Zero Hedge has been discussing the ongoing liquidity constriction around the world over the past month, focusing on Europe and China, where conditions range from icy to outright frozen. One country that has been largely ignored, is our very own USA, where despite the Fed's ongoing liquidity flood, the last few days have seen short-term secured funding in the form of Top Tier Commercial Paper once again jumping to near 2010 highs at 0.43% (see chart). This is in stark contrast with ultra short-dated Treasuries, where 30 Day Bills are just barely yielding 0.05% (and were as low as 0.02% a few days prior).
Yet for all domestic jitters, it appears that the next source of an (il)liquidity crunch will once again come from Europe. As Barclays' Joseph Abate notes, there is one event is on the horizon which could send Libor rates as high as 50% higher. And that event will occur on July 1 - the 1 year anniversary of the ECB's Long-Term Refinancing Operation.
This 371 Day LTRO was created just under a year ago by the ECB to add €442 billion in liquidity to front-end markets. It is precisely this LTRO that facilitated not only the decline in the FRBNY's FX swaps, but the gradual drop in dollar Libor to all time lows. The program was so successful that the ECB followed it up with two other one-year LTROs, yet both much smaller: one for €75 and one for €97 billion. Yet the Halcyon days of well over half a trillion in excess CB-provided liquidity are ending on July 1, and the roll off will be a critical event, which could set off yet another liquidity crunch first in Europe, and then everywhere else.
The first consideration is that the facility will not roll into a comparable unlimited 1 Year tender, but instead into a much shorter 3 month operation. As Abate points out: "Market attention is focused on how much of the €442bn stays at the ECB and how much leaves the program: currently there is about €300bn “surplus” liquidity in the euro area market, and so a full rollover is not theoretically needed."
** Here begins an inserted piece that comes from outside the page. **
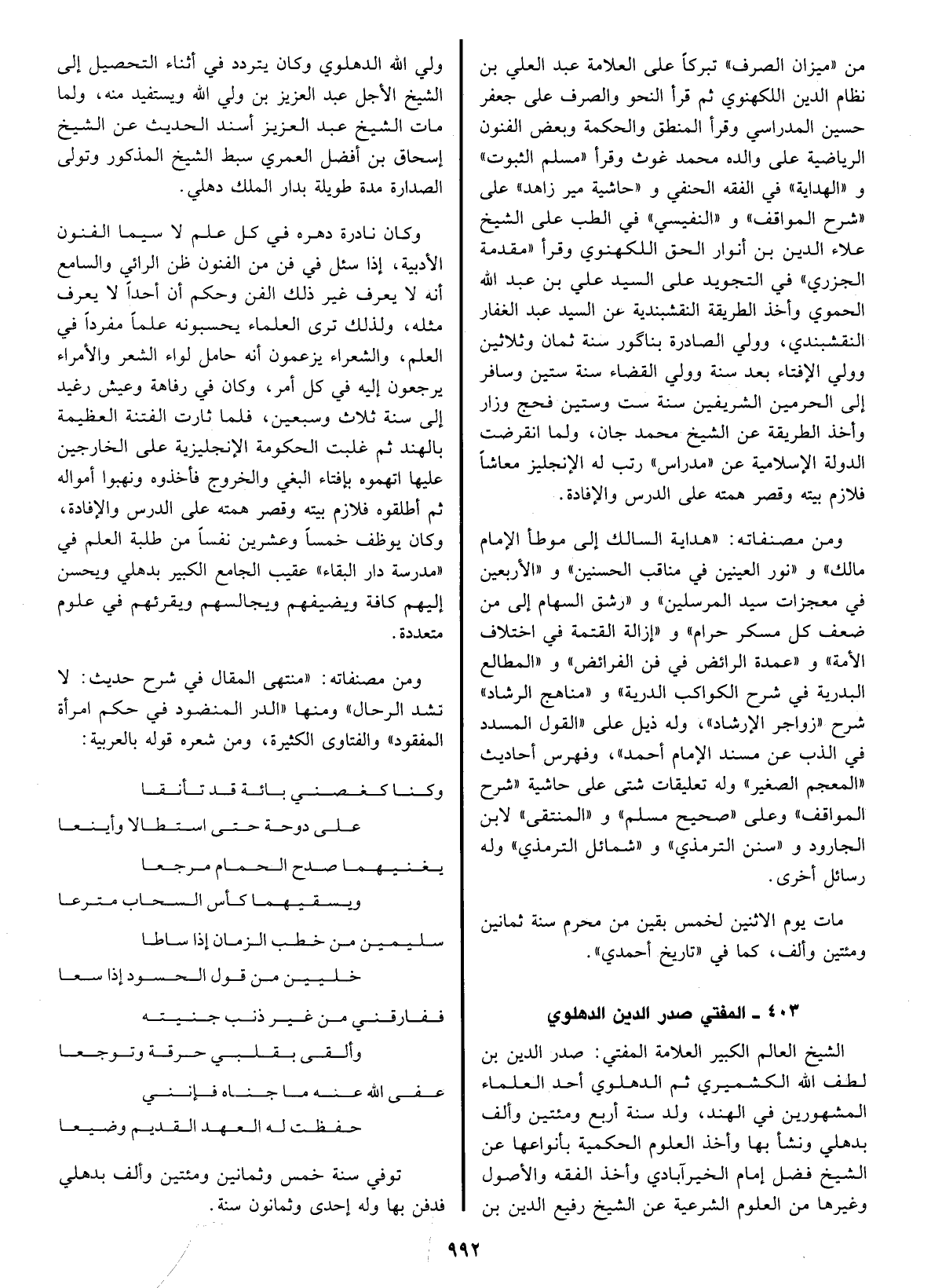 الشيخ المذكور وتولى الصدارة مدة طويلة بدار الملك دهلي.
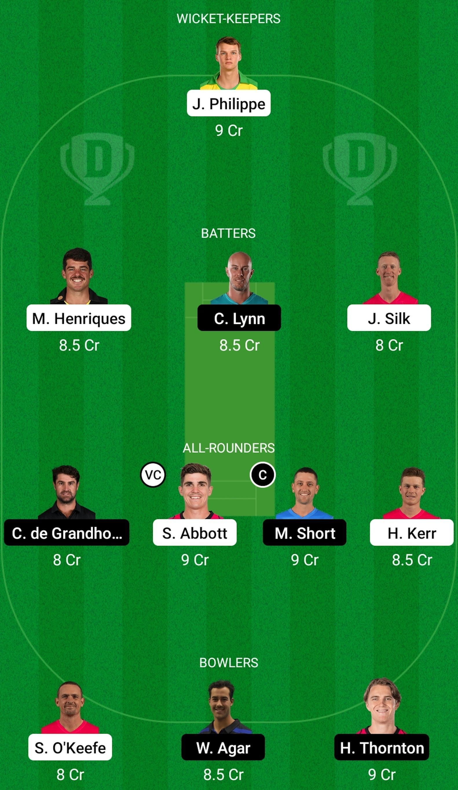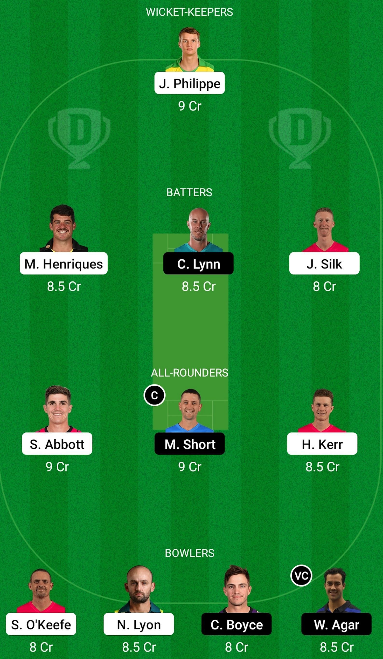 Joshua Philippe (wk), Steve Smith, Kurtis Patterson, Moises Henriques (c), Jordan Sil, Dan Christian, Ben Dwarshuis, Hayden Kerr, Sean Anthony Abbott, Nathan Lyon, Steve O'Keefe

And as nobody but JCT really knows what quality collateral is pledging any one euro of circulating money, especially post the complete loosening of A-rating triggers to pledging sovereign debt post the Greece bankruptcy (unlike the broader media, we don't mind calling a spade a spade), the willingness to unwind the facility will speak volumes about Europe's banks:
[Barclays] European analysts reckon that based on the level and regional composition of the liquidity on deposit at the ECB, perhaps as much as € 150bn could leave in search of cheaper financing in the market. Unfortunately, the ECB’s balance sheet figures are less transparent than the Federal Reserve’s, so analysts do not have a strong sense of what types of collateral have been pledged into the facility. Obviously, the more government securities pledged, the more likely it is the 3m replacement LTRO will be considerably smaller than the €442bn rolling off.
Yet no matter how much of the full amount rolls off, there will be an immediate "cliff" event in liquidity needs as the public funding market will be replaced by the private: sorry, Jean-Claude, you can't have your public cake and have the private sector eat it (the cake, not the sector).
Any paper leaving the ECB will need to be funded in the market – which given the global reach of many participating banks, should put upward pressure on Eonia as well as dollar Libor. All things equal, however, the smaller the replacement LTRO is relative to the €442bn roll-off, the more likely it is Libor will increase from 53bp currently.
Another way of looking at why Libor is set to surge is based on expectations of what is happening behind the scenes, as nobody still have any idea what is really held by the ECB, either in its LTRO, or any other Operational facilities:
Assuming that most of the collateral pledged in the LTRO is lower quality, there might not be much of an exodus out of the facility. Instead, the replacement 3m LTRO could be nearly as large as the original €442bn. Not only would this indicate that banks still have lower quality assets on their balance sheets – but that the decline in market rates since last July has not been broad or deep enough to enable institutions to leave the security of the ECB. Market participants could interpret this as an indication of still high counterparty credit risk. In turn, this would raise FRA-OIS rates – in both Europe and the US as investors reassess credit exposure.
And the piece de resisance is that the imminent disclosure of the European "Stress Tests" will backfire, as they will be announced at a time when liquidity tensions are soaring, and Libor is starting to surge once again.
Credit concerns could also be reignited next month with the release of the EU’s bank stress test results. To the extent that financial markets interpret these results negatively, FRA-OIS might get an additional push higher.
Will all this be sufficient to cause an interbank lending crisis in the US, comparable to that enveloping Spain and soon other European countries? At this point it is still difficult to make a determination, although the two opposing forces of Fed reliquification, and private market stress escalation, will once again certainly be locked in a duel, which will definitely have an impact on all risk assets. Perhaps it is this that tension that has been keeping the market on edge. Either way, keep an eye out on Libor, CP (both US and European), and ultra short dated Bills: despite the Fed's interventions, the broader market will overwhelm a liquidity intervention any day, and the Fed may soon find itself with little if any options to restore liquidity in the broader capital markets, increasingly losing any and all credibility, precisely courtesy of seemingly endless Central bank intervention.